Le jour n’est pas encore levé, mais ils sont déjà là. Ils sont debout depuis 5 h. Cela fait plusieurs nuits que les militants du Dal 35 se rassemblent rue du Poirier-Nivet.

Aujourd’hui, ils sont quinze à guetter l’arrivée des forces de l’ordre, censées venir déloger les migrants recueillis par l’association. Yannick, membre du Dal 35, affirme :

« Sur 50 personnes, il en reste 20 dans le logement. Certains ont déjà vécu le traumatisme d’une expulsion. On est là pour exprimer notre désaccord, mais on ne résistera pas physiquement. »

Ces « logements » sont en fait des pavillons promis à la démolition, « réquisitionnés » par le Dal 35. Y vivent des migrants sans abri, souvent d’origine mongole. Chaque pièce, pas plus grande qu’une chambre d’étudiant, accueille une famille. Certaines avec des enfants.

« Les enfants sont scolarisés. On va essayer de les reloger sur Rennes pour qu’ils puissent continuer l’école. Pour les autres, c’est le retour à l’errance, aux logements d’urgence. »

Avec la fin de la trêve hivernale, l’îlot de répit des migrants s’est transformé en bombe à retardement. La police peut intervenir n’importe quand pour faire évacuer les lieux. De préférence tôt le matin, selon le Dal 35. « Pour plus de discrétion » et « pour être sûr que tous les occupants sont bien là. »

Incertitude

Vers 6h30, une camionnette arrive. Fausse alerte : c’est un militant qui apporte le café. Il est accueilli comme le Messie.

300

C’est le nombre de personnes logées par le Dal 35, dans 11 réquisitions.

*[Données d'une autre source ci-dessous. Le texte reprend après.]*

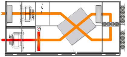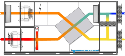 Осушение воздуха осуществляется в регулируемом режиме приточно-вытяжной вентиляции с подачей свежего и утилизацией части отработанного воздуха. Многократное осушение воздуха происходит путем охлаждения воздуха из плавательного бассейна в блоке пластинчатого рекуператора. Смешивание с более холодным приточным воздухом улучшает охлаждающий эффект в блоке пластинчатого рекуператора и значительно увеличивает осушение воздуха. В холодные месяцы открытие клапанов приточного / вытяжного воздуха регулируется в пределах от 20 до 99%.
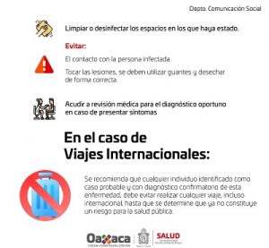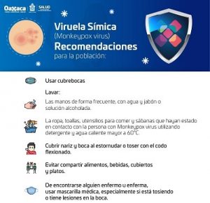 En este sentido recomendó a la población las siguientes medidas de prevención como: el uso correcto del cubrebocas, evitar el contacto con la persona infectada y tocar las lesiones; lavar frecuentemente las manos con agua y jabón, también la ropa, toallas, utensilios para comer y sábanas que hayan estado en contacto con la persona con Monkeypox virus utilizando detergente y agua caliente mayor a 60°C.
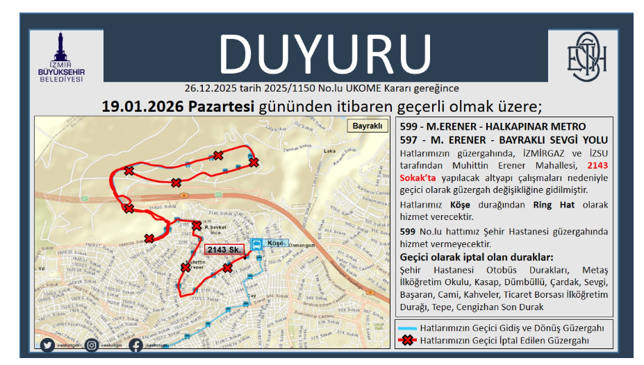 ESHOT Genel Müdürlüğü tarafından gerçekleştirilen açıklamada şu ifadelere yer verildi: “19.01.2026 Pazartesi gününden itibaren geçerli olmak üzere; 599-M.ERENER – HALKAPINAR METRO ve 597 – M. ERENER – BAYRAKLI SEVGİ YOLU hatlarımızın güzergahında, İZMİRGAZ ve İZSU tarafından Muhittin Erener Mahallesi, 2143 Sokak'ta yapılacak altyapı çalışmaları nedeniyle geçici olarak güzergah değişikliğine gidilmiştir. Hatlarımız Köşe durağından Ring Hat olarak hizmet verecektir.
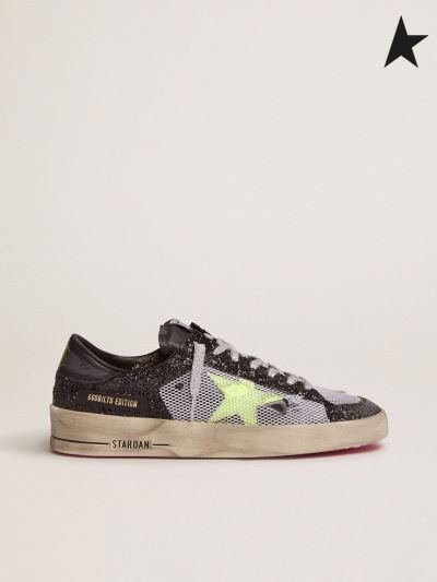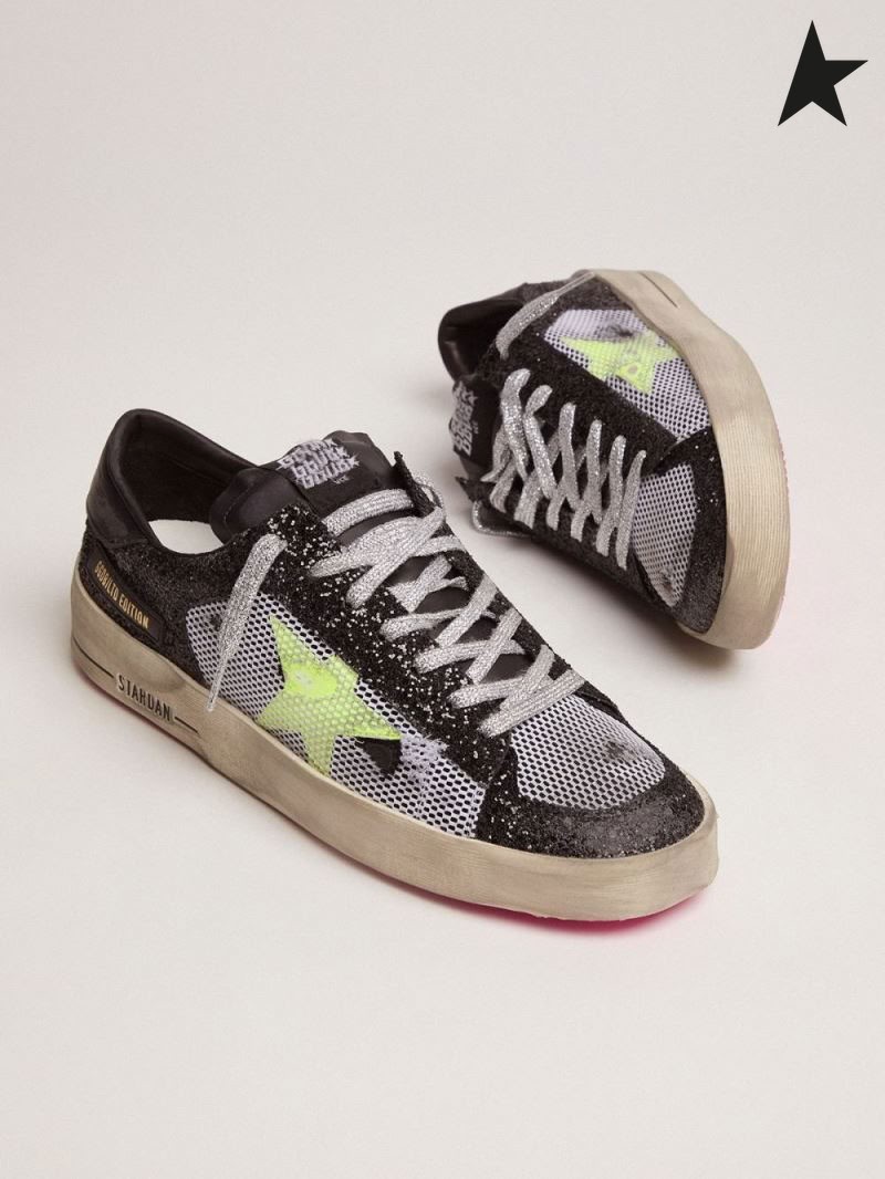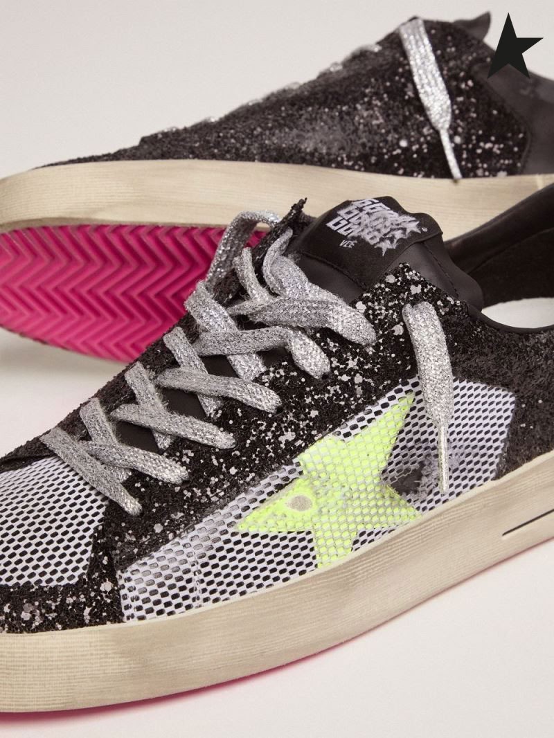 Golden Goose Stardan baskets à paillettes supérieure, jaune fluo étoiles et inserts en mesh marron jaune fluo

Juliana, journaliste à Canal B (dont les locaux sont juste à côté), passe interviewer le petit groupe. Des gens trompent l’attente en plaisantant : « Mais que fait la police? »

Dans la grande maison, les fenêtres s’éclairent une à une. Des visages asiatiques passent furtivement. Une femme passe la tête dehors, grille une clope. Sur les vitres, les décos de Noël sont encore collées.

Enfin, le jour se lève. L’intervention de la police ne sera pas pour ce matin ; l’alerte est levée. Pour combien de temps ?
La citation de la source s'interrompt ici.